Teaching With Intention ch. 5 - Understanding and Engagement

It's time for Chapter 5 in the Teaching With Intention book study! This week's chapter is hosted by Mr. Kindergarten himself, Greg over at Kindergarten Smorgasboard and another kindergarten blogger, From Kindergarten With Love.



This week's chapter is all about the thinking behind the thinking! I LOVED this chapter, as it gave me a real "behind the scenes" look at the thinking that goes into our interaction with text.  Teaching students about schema is important.  It helps them to understand that everyone comes to the table with their own information about what is being read.  It's how we connect what we read to what we know, that helps us become better readers - and it's important to make this thinking visible to kids. Can I have an "Amen?!"

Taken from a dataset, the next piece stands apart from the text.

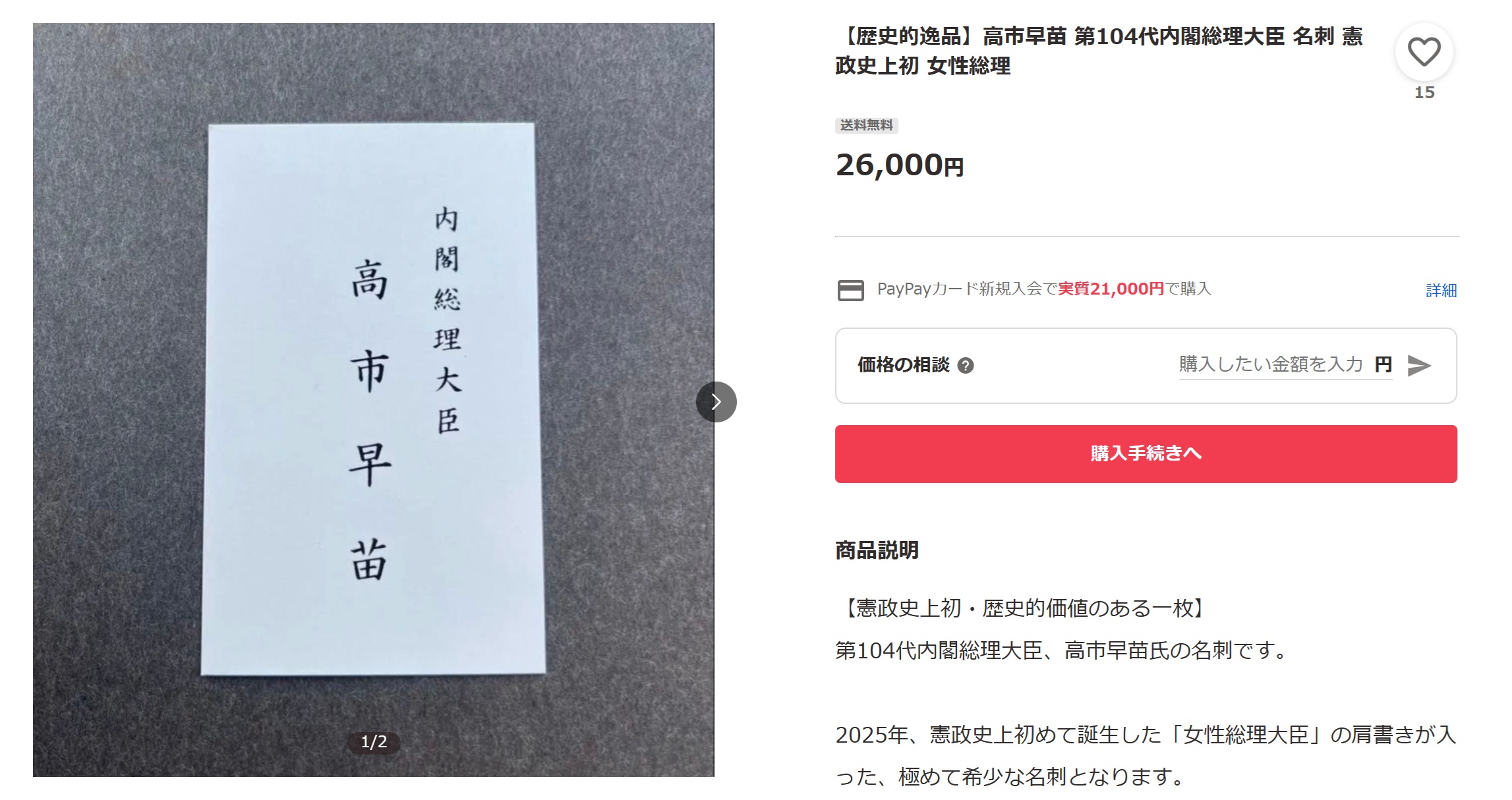 某フリマサイトに高市総理の名刺が売られていました。その値段、1枚26,000円(送料無料)。これって良いんですかね??

I used to use KWL charts as my go to way of starting off a topic.  Admit it, you probably did, too. Those charts had the right idea, but they weren't making good use of the actual thinking that was going on. Then I started using schema charts - charts that showed connected what we already new with new learning, misconceptions and more.  I couldn't find any pictures of my charts, but Greg has some great ones in his blog post HERE.

I also helped my students "see" their thinking by using coding sheets. (You can read the original post {HERE}).


In a nutshell, coding gives students a chance to think about what they are reading and ask themselves how it fits in their schema.

Is it something I already know?
Is it something amazing or interesting?
Is it something new that I didn't know before?
Is it something that makes me ask a question, or that I'm not sure I understand?

You can download my coding sheet here by clicking the image to take you back to my original post.  Then scroll to the bottom and you can download it from there.



Both schema charts and coding "make the comprehension process visible" to students - and that's half the battle! We want students to SEE how good readers think, for them to be able to apply those strategies themselves.  Happy thinking!